Sorry, subjective thinkers, age worriers, and Biden bashers: A slow, careful gait, tripping, and misspeaking from time to time alone are not enough to indicate general cognitive incompetence.
And, there’s good news about life expectancy right now. I looked it up: Biden’s current life expectancy is age 87, and Trump’s is 90. The next presidential term, the last possible for either current frontrunner, ends in 2029—well before then.
So, what should we be focused on with candidates for president, if not numerical age? The answer is both simple and complex and applies to candidates of any age: We should be concerned about their characters, behavior, qualifications and experience and their stands on the issues we care about. If we don’t like what we see and hear, we shouldn’t support the person for office. If we do, we should. Regardless of their age.
Just proposing age as an important candidate quality can actually be dangerous to our democracy. Emphasizing age limits tends to distract and even block people from considering the many more important qualities of presidential candidates named above.
Questioning candidates’ qualifications based simply on a number not only poisons people’s minds about the capacity of older politicians; it also unjustly lowers regard for decisions and actions of older people in general, including family, friends and neighbors.

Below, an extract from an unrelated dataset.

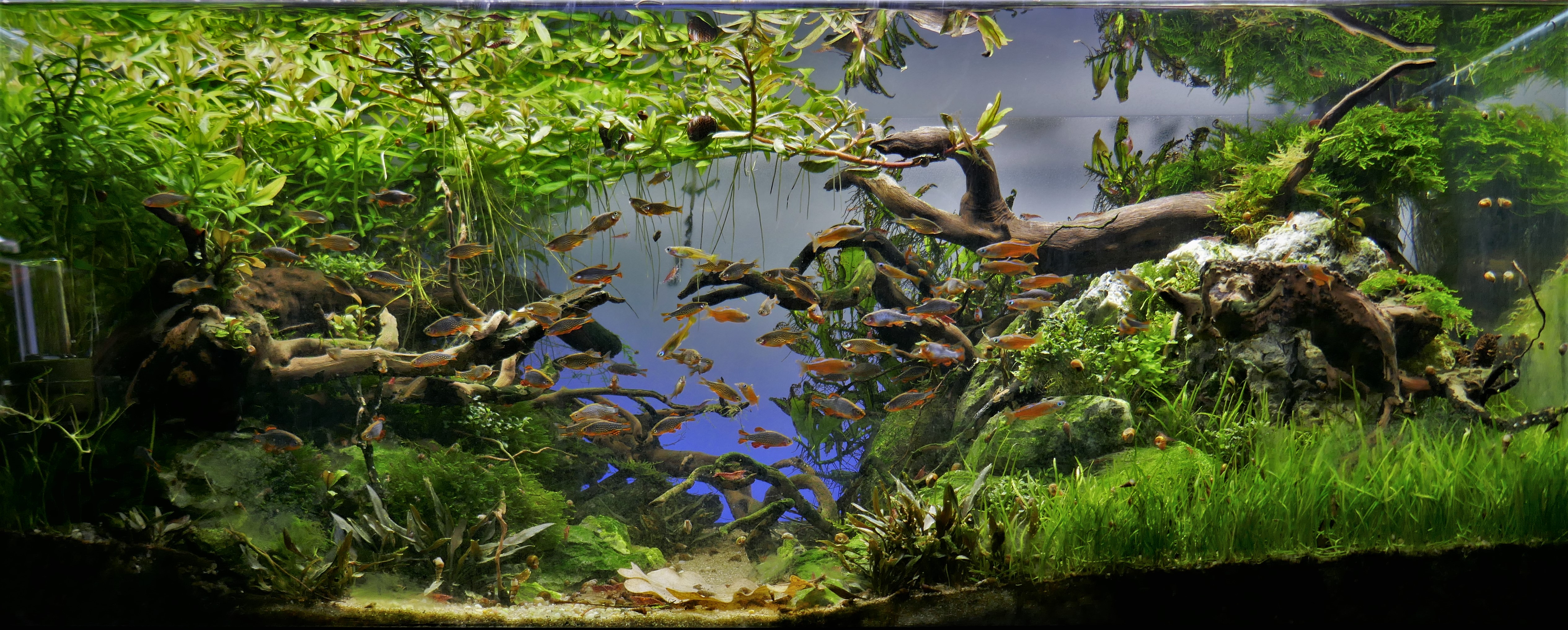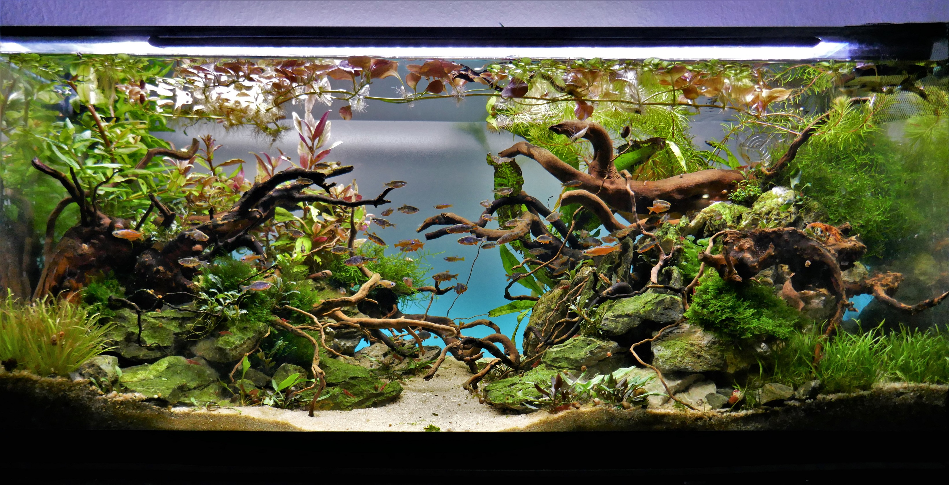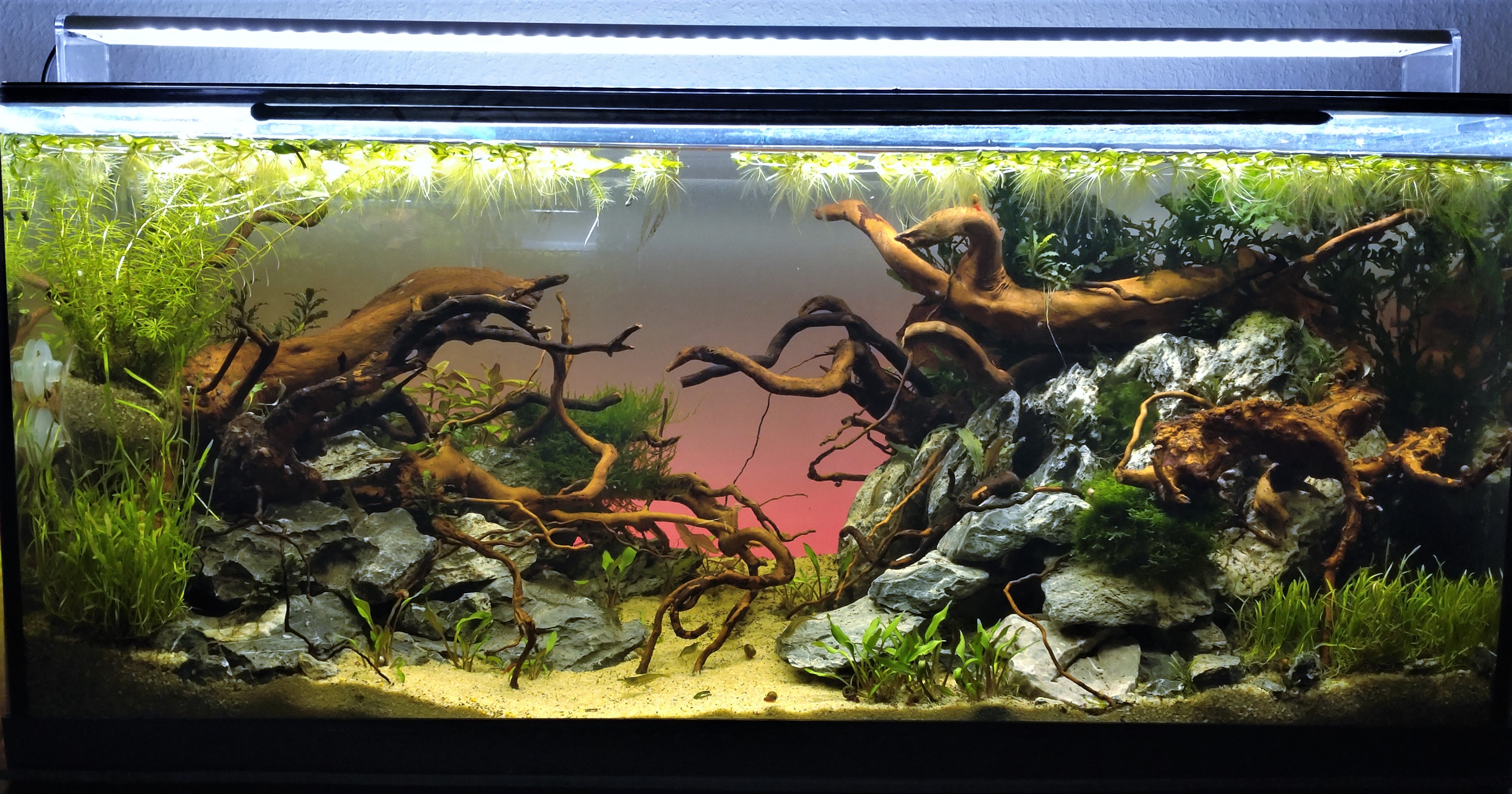 Natürlich ist es noch weit davon entfernt, das zu sein was ich mir vorstelle. Aber der Weg dahin stimmt schon mal. Hintergrundbeleuchtung, neue In- und Outflows von Neoflow sowie noch ein Pflänzchen hier und da kamen hinzu, sowie der erste Testbesatz aus einer Handvoll Amanos.

Promoting upper age restrictions creates doubt about the competency of the 17 percent of Americans who are over 65. It pumps up existing prejudices and fans the embers of old, false beliefs about aging to everyone’s detriment.
Politically speaking and maybe worst of all, it appears that the age restriction suggestion is likely to drive down voter turnout in the ’24 election, especially among Democrats. A young person interviewed on the street on TV said he favors Biden, but he might not vote at all in 2024 because Biden’s too old to be president. I am afraid to guess how many people are thinking like that these days or will in November, 2024, thanks to lack of knowledge combined with all the negative age talk.
Benjamin Franklin was a key contributor to the Declaration of Independence at the age of 70 and to the creation of the U.S. Constitution when he was 81. A champion of the First Amendment, he also came up with the idea of two houses in the legislature. He kept on offering sage political advice and witty remarks to those who sought him out until his death at 84.
Sandee Storey is Publisher Emerita of the Jamaica Plain Gazette.